Comment by pizzathyme

1 day ago

If that's the case, you can easily only write messages to your wife yourself.

But for the 99 other messages, especially things that mundanely convey information like "My daughter has the flu and I won't be in today", "Yes 2pm at Shake Shack sounds good", it will be much faster to read over drafts that are correct and then click send.

The only reason this wouldn't be faster is if the drafts are bad. And that is the point of the article: the models are good enough now that AI drafts don't need to be bad. We are just used to AI drafts being bad due to poor design.

I don't understand. Why do you need an AI for messages like "My daughter has the flu and I won't be in today" or "Yes 2pm at Shake Shack sounds good"? You just literally send that.

Do you really run these things through an AI to burden your reader with pointless additional text?

  • 100% agree. Email like you’re a CEO. Saves your time, saves other people’s time and signals high social status. What’s not to like?

    • MY CEO sends the "professional" style email to me regularly - every few months. I'm not on his staff, so the only messages the CEO sends me are sent to tens of thousands of other people, translated into a dozen languages. They get extensive reviews for days to ensure they say exactly what is meant to be said and are unoffensive to everyone.

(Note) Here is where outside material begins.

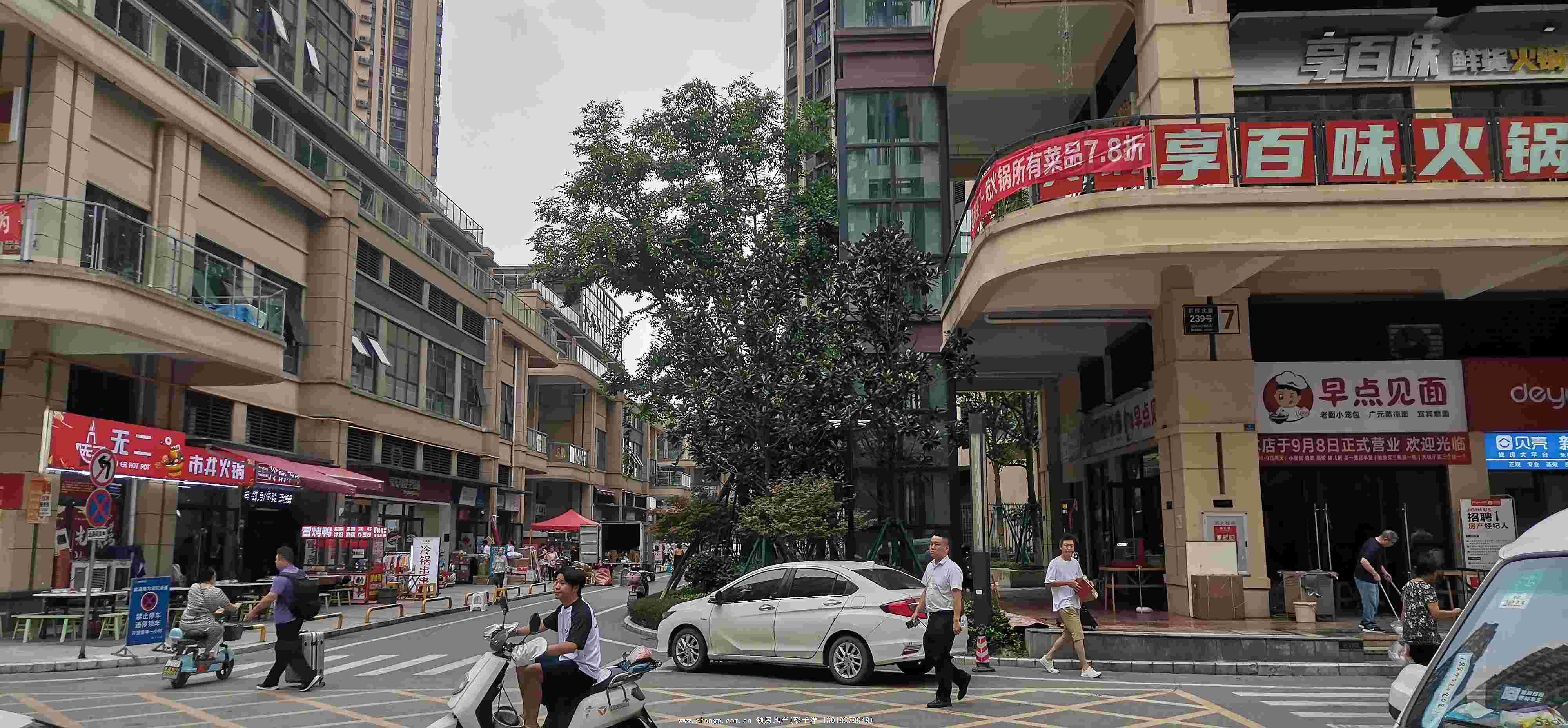 商铺户型方正、开间形象漂亮、万人社区、全业态餐饮商铺、大外摆、电梯口、

      Most of us don't need to write the CEO email ever in our life. I assume the CEO will write the flu message to his staff in the same style of tone as everyone else.

      2 replies →

  • Being so direct is considered rude in many contexts.

    • Oh come on it takes longer to work out how to prompt it to say it how you want it then check the output than it does to write a short email already.

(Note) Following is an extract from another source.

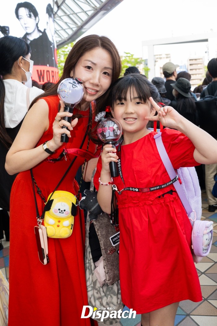 도쿄돔 메인 입구는 공연을 기다리는 팬들로 북적였다. 현장은 보랏빛과 빨강빛이 어우러진 물결로 물들었다. 가족과 함께 공연장을 찾은 ‘아미 키즈’들이 시선을 끌었다. 작은 손에 응원봉을 들고 설렘 가득한 표정으로 공연장을 향했다. 세대를 잇는 팬덤의 저력이었다.

      And we’re talking micro optimisation here.

      I mean I’ve sent 23 emails this year. Yeah that’s it.

  • They are automatically drafted when the email comes in, and you can accept or modify them.

    It’s like you’re asking why you would want a password manager when you can just type the characters yourself. It saves time if done correctly.

> But for the 99 other messages, especially things that mundanely convey information like "My daughter has the flu and I won't be in today", "Yes 2pm at Shake Shack sounds good", it will be much faster to read over drafts that are correct and then click send.

It takes me all of 5 seconds to type messages like that (I timed myself typing it). Where exactly is the savings from AI? I don't care, at all, if a 5s process can be turned into a 2s process (which I doubt it even can).

How would an AI know if "2pm at Shake Shake" works for me? I still need to read the original email and make a decision. The actual writing out the response takes me basically no time whatsoever.

  • An AI could read the email and check my calendar and then propose 2pm. Bonus if the AI works with his AI to figure out that 2pm works for both of us. A lot of time is wasted with people going back and forth trying to figure out when they can meet. That is also a hard problem even before you note the privacy concerns.